After having a great conversation tonight at the JSSUG meeting, I am once again reminded of the time I spent learning SSIS. There are lots of subtleties and nuances that, if you’re not careful, will lead to poor performance. As such, I’m going to attempt to put out some very quick tips on the subject. I’m not sure of the regularity of these posts, or of their usefulness, but hopefully they’ll be helpful to someone. Enjoy!
When given the task of importing data which is of a different data type in the destination than it is in the source the new developer might jump to use the data conversion task to perform this option. Is this wrong? Well, no, not really. It is, after all, a tool that you can use out of the box and it will get the job done. However, without some of the knowledge of how data buffers are built and maintained behind the scenes you might not realize that this can lead to less than optimal performance.

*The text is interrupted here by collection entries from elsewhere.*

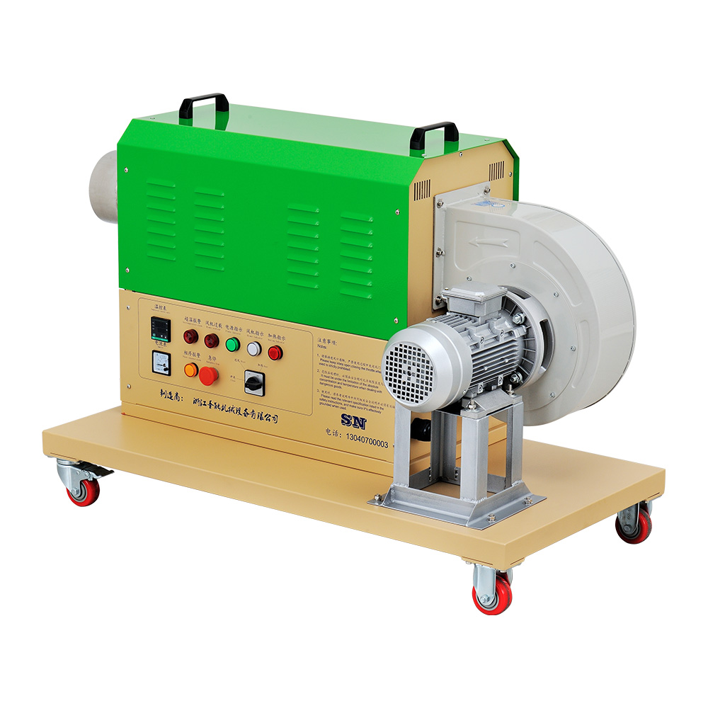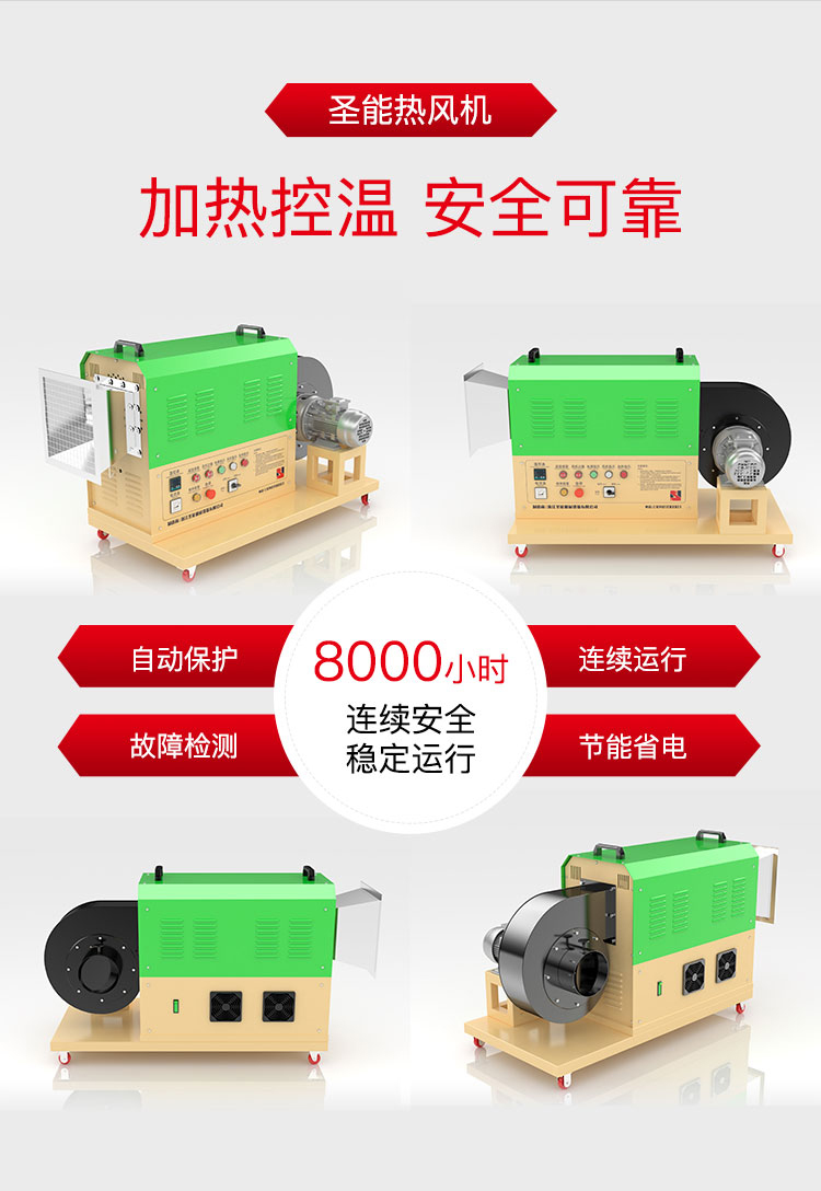 風(fēng)量型熱風(fēng)機(jī)主要由空氣加熱器和離心風(fēng)機(jī)組成??諝饧訜崞骷訜岙a(chǎn)熱散熱,由離心風(fēng)機(jī)將熱量輸出,從而調(diào)節(jié)空間溫度,風(fēng)量型熱風(fēng)機(jī)中加熱元件由2080鎳鉻絲加工成螺旋導(dǎo)管組成,從而發(fā)熱快、溫度效果好、工作風(fēng)量大壓力較低。根據(jù)使用場(chǎng)所可分為:家用風(fēng)量型熱風(fēng)機(jī)和農(nóng)業(yè)用風(fēng)量型熱風(fēng)機(jī)。從而家用和農(nóng)業(yè)用風(fēng)量型熱風(fēng)機(jī)需根據(jù)客戶使用情況來(lái)進(jìn)行風(fēng)機(jī)和加熱功率的配比,望請(qǐng)客戶采購(gòu)時(shí)將現(xiàn)場(chǎng)工況詳細(xì)說(shuō)明。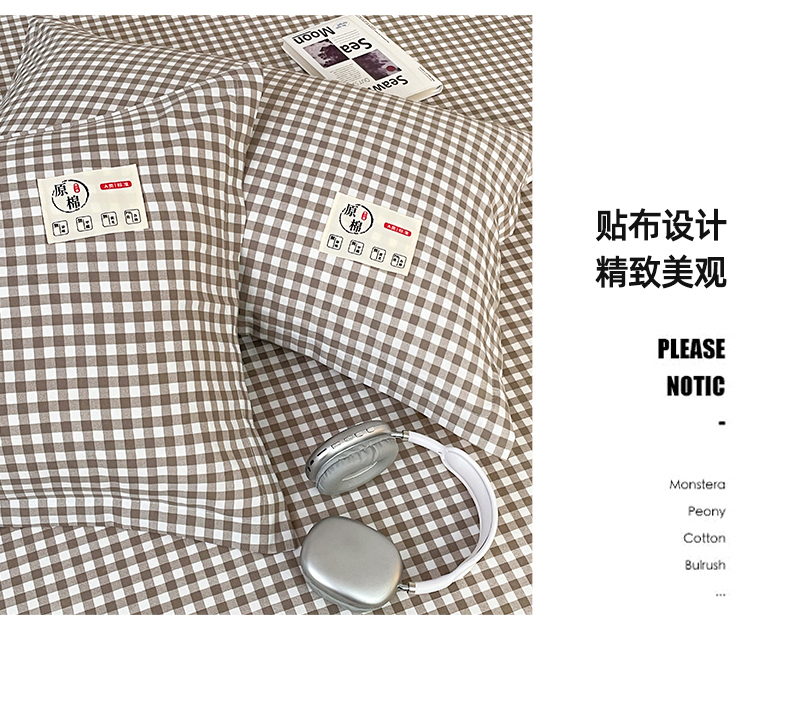 • 91家纺网 家纺一手货源 找家纺 圣比熊 2025新款水洗棉麻单层床笠席梦思床垫保护套床单套加枕套-简约格子小格-灰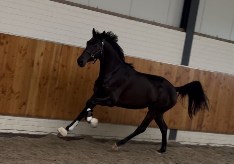 Zeer kwaliteitsvol jong dressuurpaard uit goede moederlijn en de zus van de tophengst Security (v.Secret). Aansprekend jeugdig model met veel uitstraling. Beweegt met veel kracht en techniek, goede balans en veel lossigheid. 3 Uitstekende gangen. Correct op de benen en gelijke voeten. Komt recht uit de groepsstal en toont een fijn karakter in de omgang. Rontgenologisch 100% in orde.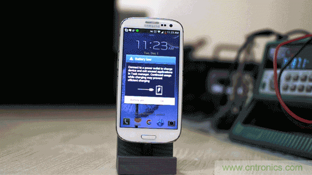 盒子里。緩沖電池的作用是先儲(chǔ)存接收到的電能,然后再給手機(jī)充電。據(jù) Ars Technica 描述,在發(fā)射器打開(kāi) 20 秒后,緩沖電池就開(kāi)始工作了,也就是說(shuō),手機(jī)座上的三星手機(jī)開(kāi)始顯示充電。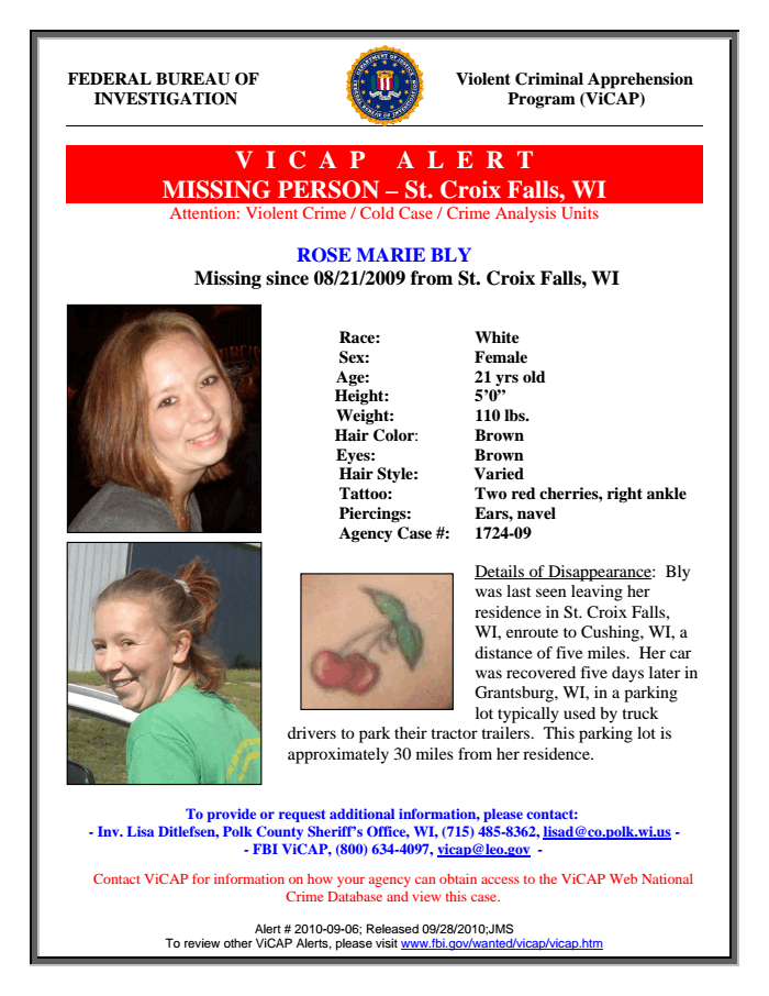 “No mother would ever hope to recognize an anniversary like the one Candus Harer acknowledged last week. A year ago last Saturday, Harer’s daughter, Rose Marie Bly, then 21, of rural St. Croix Falls, disappeared unexpectedly, leaving few clues as to her whereabouts.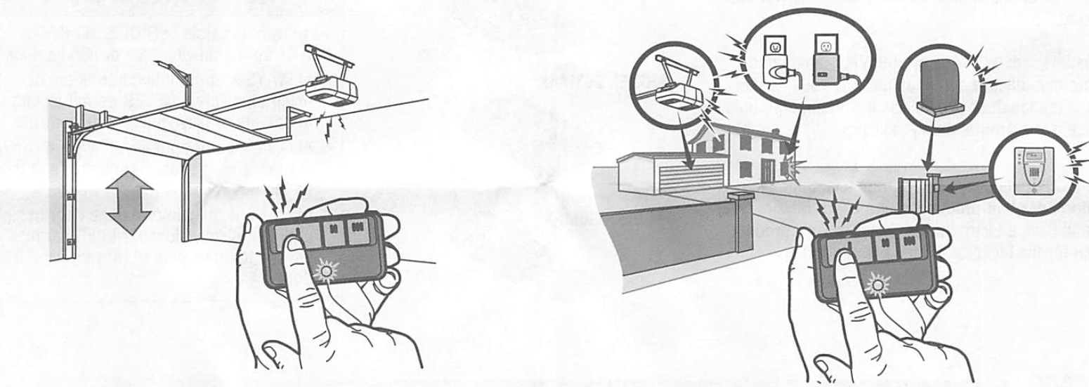 Press and hold the button down until the door or gate starts ot move. The remote control will operate from up to 3 car lengths away on typical installations. Installationsand conditions vary, contact an installing dealer for more information. Additional buttons on the remote control can be programmed to operate up to 3 devices such as additional garage door openers, light controls, gate operators or access conrtol systems.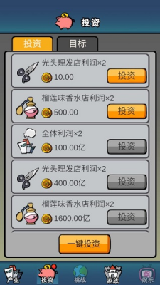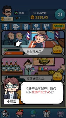 游戏设置超过30种特色产业模块,从基础服务行业到创新概念产业层层递进。玩家可经营传统理发店获取稳定现金流,也可投资研发榴莲香氛等猎奇产品开拓蓝海市场。当积累足够资本后,更可涉足影视投资、地产开发等重量级项目。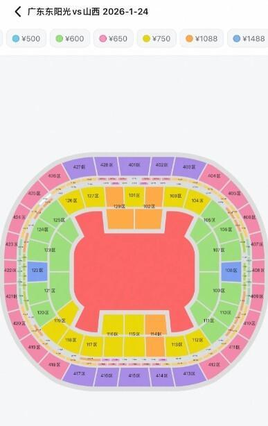 有媒体截图发布广东队主场的票价情况,主场对阵山西队,我们看到区间为500、600、650、750、1088、1488、1688、1888,达到8种价格。
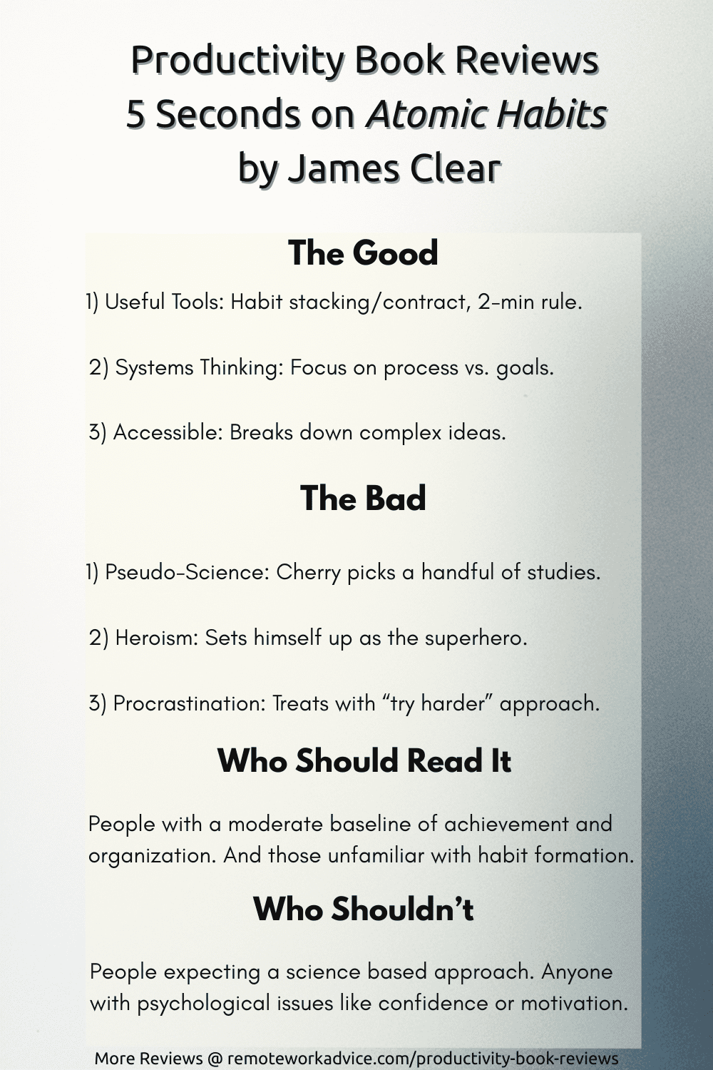 Casual writing has appeal, but Atomic Habits has some serious issues. First, the book includes excessive analogies and anecdotes. Often, their purpose seems to be an opportunity for Clear to brag.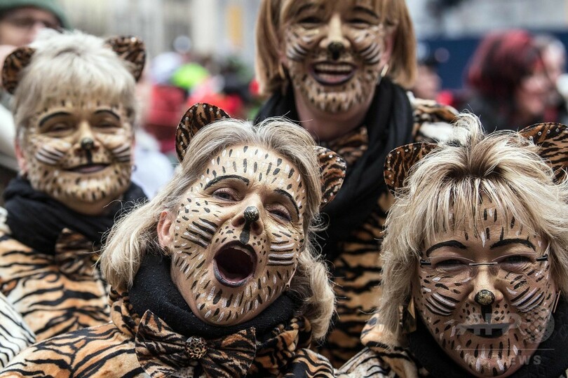 【2月24日 AFP】ドイツ西部ケルン(Cologne)やデュッセルドルフ(Duesseldorf)などで23日、「女性たちのカーニバル(Women's Carnival、ドイツ名Weiberfastnacht)が開幕し、仮装した人たちや民族衣装をまとった音楽隊らが春の訪れを祝った。(c)AFP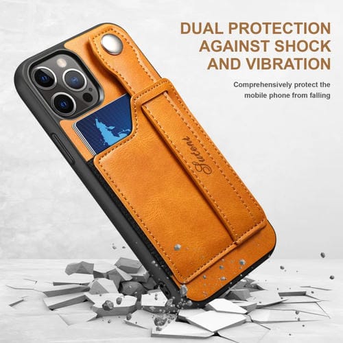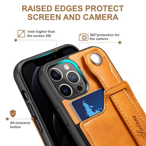 For iPhone 12 Pro Max Suteni 215 Wrist Strap PU Phone Case (Khaki)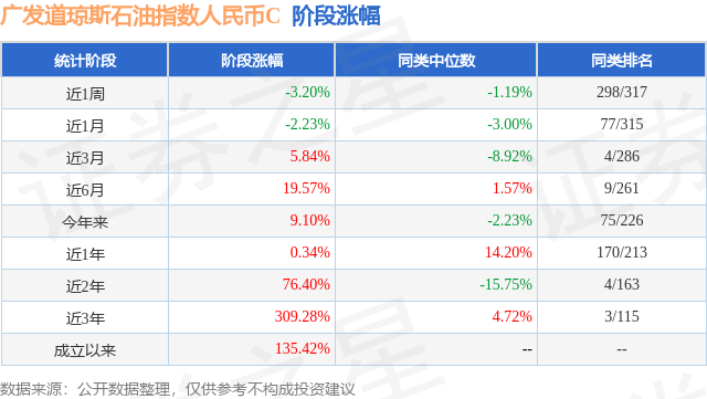 从功绩展现来看,广发道琼斯石油指数群众币C基金过去一年净值涨幅为0.34%,正在同类基金中排名170/213,同类基金过去一年净值涨幅中位数为14.2%。而基金过去一年的最大回撤为-19.67%,创建往后的最大回撤为-65.54%。

Example 1: Data Conversion
This data flow uses a very simple data source, a data conversion transformation and a row count (as a terminator). When run, it generates 1409 records per buffer (with a 1 MB max buffer size) as seen below.
Example 2: Cast in Query
This is an even simpler data flow that uses cast within the data source to return the data with the desired data types. When run, it generates 1659 records per buffer (with a 1 MB max buffer size) as seen below.
Does this performance improvement outweigh the virtual self-documentation of a well named and formatted data flow with the proper components? Without the component someone who hasn’t looked at the package in detail might not realize that conversions were done to get the data to match up. However, this type of information can be conveyed in the description of the source and / or in an annotation next to the source for all to see. With the information conveyed in this fashion, it should be clear that using the cast will give you a performance benefit over using the transformation. So, we should probably shelve the transformation unless if we are in a situation where we can’t return the data with the type we would like for the destination (ex. flat files or stored procedures).